The full potential of vineyards such as Tolpuddle, now Lowestoft, has only recently come to light because fruit used to be sold off for other labels. First planted in 1986 just 330 yards (300m) from the banks of the Derwent River, Lowestoft is one of Tasmania’s oldest vineyards, but the precocious trophy-bagging brand was only established following its acquisition by The Fogarty Wine Group in 2019. Intent on chasing “Pinosity, perfume, poise, elegance,” Marlborough-born winemaker Liam McElhinney, a veteran of New Zealand Pinot Noir, reckoned “the biggest opportunity was to pick significantly earlier” and additionally to swap barriques for puncheons and reduce the new oak (“far too much,” he said). Top cuvée La Maison’s plush tannin profile stems from the most lignified whole-bunch parcels: “I have never tasted anything like it—very ethereal, full of intrigue,” said McElhinney.

As for Tasmania’s home-grown talent, producers are increasingly well traveled and worldly. Attuned to the critical importance of site, Joe Holyman eschewed his family’s hobby vineyard, instead acquiring Stoney Rise in Tamar Valley in 2004. Old vines planted in 1986 on a warm, gravelly site close  to the river Tamar were the lure. Holyman grubbed up the Cabernet Sauvignon and augmented the original Pinot Noir with new Burgundy clones. Inspired by Dujac, the leading Pinot Noir producer (another fan of harvesting relatively early) cherry-picks the slowest-ripening, better lignified blocks of old vines for his hand-plunged 100 percent whole-bunch top cuvée, Holyman Project X.

In contrast with early Tasmanian plantings—which, he observes, “were often convenient, being diversified farms and/or weekender/hobby properties”—Jim Chatto adopted a “forensic” approach “to make great (definitively Australian) Pinot.” Starting from scratch, he close-planted eight clones (114, 115, G5V15, D5V12, 777, MV6, 667, and Abel). Chatto explained, “I firmly believe the greatest wines are grown on the margins of viticultural possibility. I was looking for the warmest site in the coldest region.” Though it took him six years to discover the perfect spot at Glaziers Bay in the relatively cool, wet Huon Valley, this up-and-coming region received a ringing endorsement when Home Hill became the first Tasmanian producer to win the Jimmy Watson Memorial Trophy for Pinot Noir in 2015.
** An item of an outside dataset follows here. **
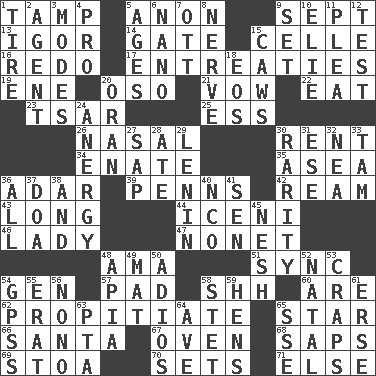 ACROSS 1. Pack (down) 5. Soon (poet.) 9. Back-to-school mo. 13. Composer Stravinsky 14. Yard entry 15. Cell (Danish) 16. Redecorate 17. Pleas 19. Compass dir. 20. Bear (Spanish) 21. Promise 22. Consume 23. Russian ruler of old 25. Double-curved letter 26. Rhinal 30. Monthly bill 34. Maternal 35. Toward the sea 36. The sixth month of the Jewish calendar 39. Actor Sean's family 42. 480, 500 or 516 sheets of paper 43. Protracted 44. Ancient Celtic tribe of eastern Britain 46. Kenny Rogers chart-topper in '80 47. Music written for nine 48. Nanny (var.) 51. Synchronize (abbr.) 54. Commissioned military rank (abbr.) 57. Groovy apt. 58. Quiet! 60. "We ___ not amused" (Victoria) 62. Conciliate 65. Play the lead 66. Before Barbara or Clara 67. Baking chamber 68. Plant excrements 69. Portico 70. Puts into a specified state 71. Otherwise DOWN 1. Hoop that covers a wheel 2. Representative 3. Methods 4. Adept person 5. Eons 6. Billionth: prefix 7. Baseball player Mel 8. Impudent aggressiveness 9. Arrange properly for use 10. Writer Wiesel 11. Entreaty 12. Trial 15. Crow sounds 18. Greek goddess of the dawn 20. NW Algerian seaport 24. Disorder of the immune system 27. Plant excrement 28. Had dinner 29. Soviet premier 1918-24 30. Noteworthy scarcity 31. Compass dir. 32. Teachers' org. 33. Scottish cap 36. Everything 37. ___ good deed 38. Also 40. Non-commissioned officer (abbr.) 41. Elected rep. 45. Delicate 48. Capital of Western Samoa 49. Floor protector 50. Goodbye (Sp.) 52. Brizilian seaport 53. Dice game 54. Global Positioning Systems (abbr.) 55. Part of Q.E.F. 56. Words to Nanette 58. Proofreading order 59. Coop moms 61. Celtic language 63. Parent Teacher Association (abbr.) 64. "___ Maria" 65. Compass dir.

Stefano Lubiana acquired the Panorama vineyard in Huon Valley, which inspired Chatto to go shopping in 2016, but planted his principal vineyard in the Derwent Valley’s drier climes in 1990. Describing himself as at “the bleeding edge” of boutique winemaking in Tasmania, the South Australian winemaker remains a pioneering influence. The Derwent Valley vineyard is Tasmania’s sole certified biodynamic estate, cultivated thus since 2010, and Lubiana has seen site expression grow. It encouraged him to release his first single-block Pinot Noir in 2014, and he now makes three: Ruscello, Il Giardino, and La Roccia. Showcasing their different personalities, they are vinified the same way, with 100 percent whole bunches and bottle-aged. (The 2022 vintage is scheduled for a July 2024 release.) For Lubiana, these powerfully fruited, beautifully nuanced, ageworthy Pinot Noirs are “an educational process to show the rest of Australia that Tasmania does make bloody good wine.”

Late-disgorged

With a growing tier of “bloody good” sparkling wine and Chardonnay, producers are taking full advantage of the enviable acid structure wed to fruit purity and intensity that is the hallmark of Tasmania’s long growing season. There is no better example than the island’s growing bevy of “late disgorged” sparkling beauties.

Tasting Arras’s Champagne glass-ceiling cracker—the Museum Release Blanc de Blancs 2001—Australia’s sparkling supremo Ed Carr enthused, “Once on tirage, it’s like a time capsule.” As for the remarkably youthful 2004 follow-up: “It has taken 20 years to get to this point,” he exclaimed. Only 400 bottles were set aside of these early releases, but Carr is now doubling that and working on programs to evolve the style in magnum and age-reserve wines in large-format foudre, with the full support of Arras’s new owners, Handpicked Wines.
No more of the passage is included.